We’ll focus on HTML page output, but will glimpse at the many possibilities for the output format: with R Markdown, it is possible to create not just technical reports, but also slide decks, websites, books, scientific articles, and so on.
Setup
At the core of the R Markdown ecosystem is the rmarkdown package. We need to install this but don’t need to load it:
install.packages("rmarkdown")
Inside your directory for Code Club, create a directory for this week:
dir.create('S07')
First, an example
Before we go into details, let’s first see a quick demonstration of what we are talking about:
-
Go to
File
=>New File
=>R Markdown
, change the Title to “Markdown demo”, and clickOK
. -
Take a look at the R Markdown document, and notice that there seems to be some sort of header (=> YAML), followed by R code wrapped in strange constructs with backticks (=> Code chunks), and plain written text (=> Markdown).
-
Before we can create output, we need to save the document. Click the
Save
button and save the files asdemo.Rmd
inside your newly created directory. -
Now click the Knit button in one of the top bars, and a document should show up in a pop-up or the Viewer pane. This is the rendered output from the R Markdown document.
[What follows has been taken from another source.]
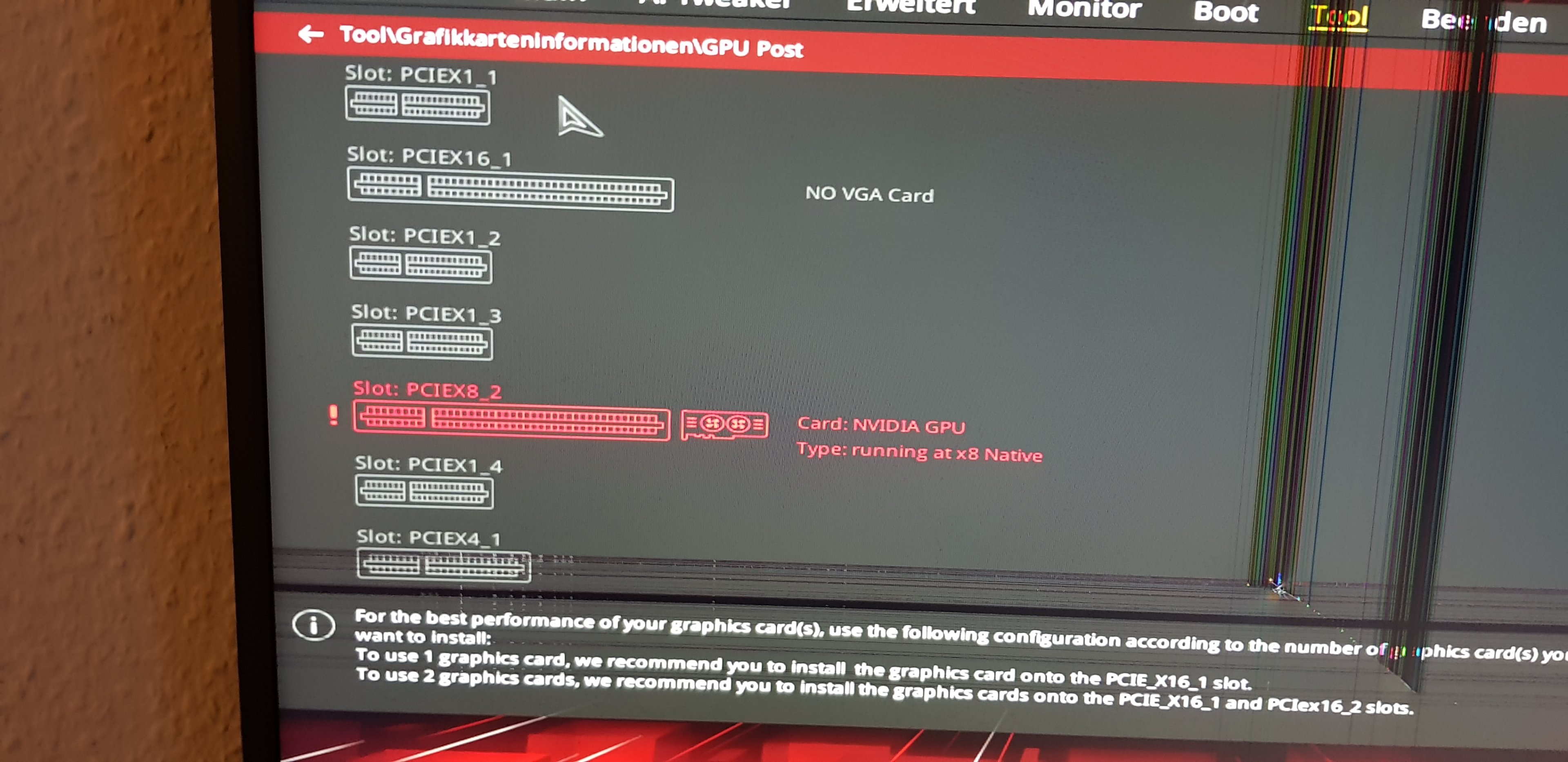 Ok da siehst du doch Slot: PCIEX8_2 da die Grafikkarte einbauen. Ansonsten , so trauen würde ich dem BIOS da nicht so.

Notice that the YAML header is not printed, at least not verbatim, while some of the code is printed, and we also see code output including a plot!
This is what the raw and rendered output look side-by-side:
We’ll now talk about Markdown, code chunks, and the YAML header in turn.
I: Markdown
Markdown is a very lightweight language to format plain text files, which evolved from simple in-line formatting applied in emails before those started using HTML.
Need to emphasize a word without being able to make it italic or bold? How about adding emphasis with asterisks *like so*?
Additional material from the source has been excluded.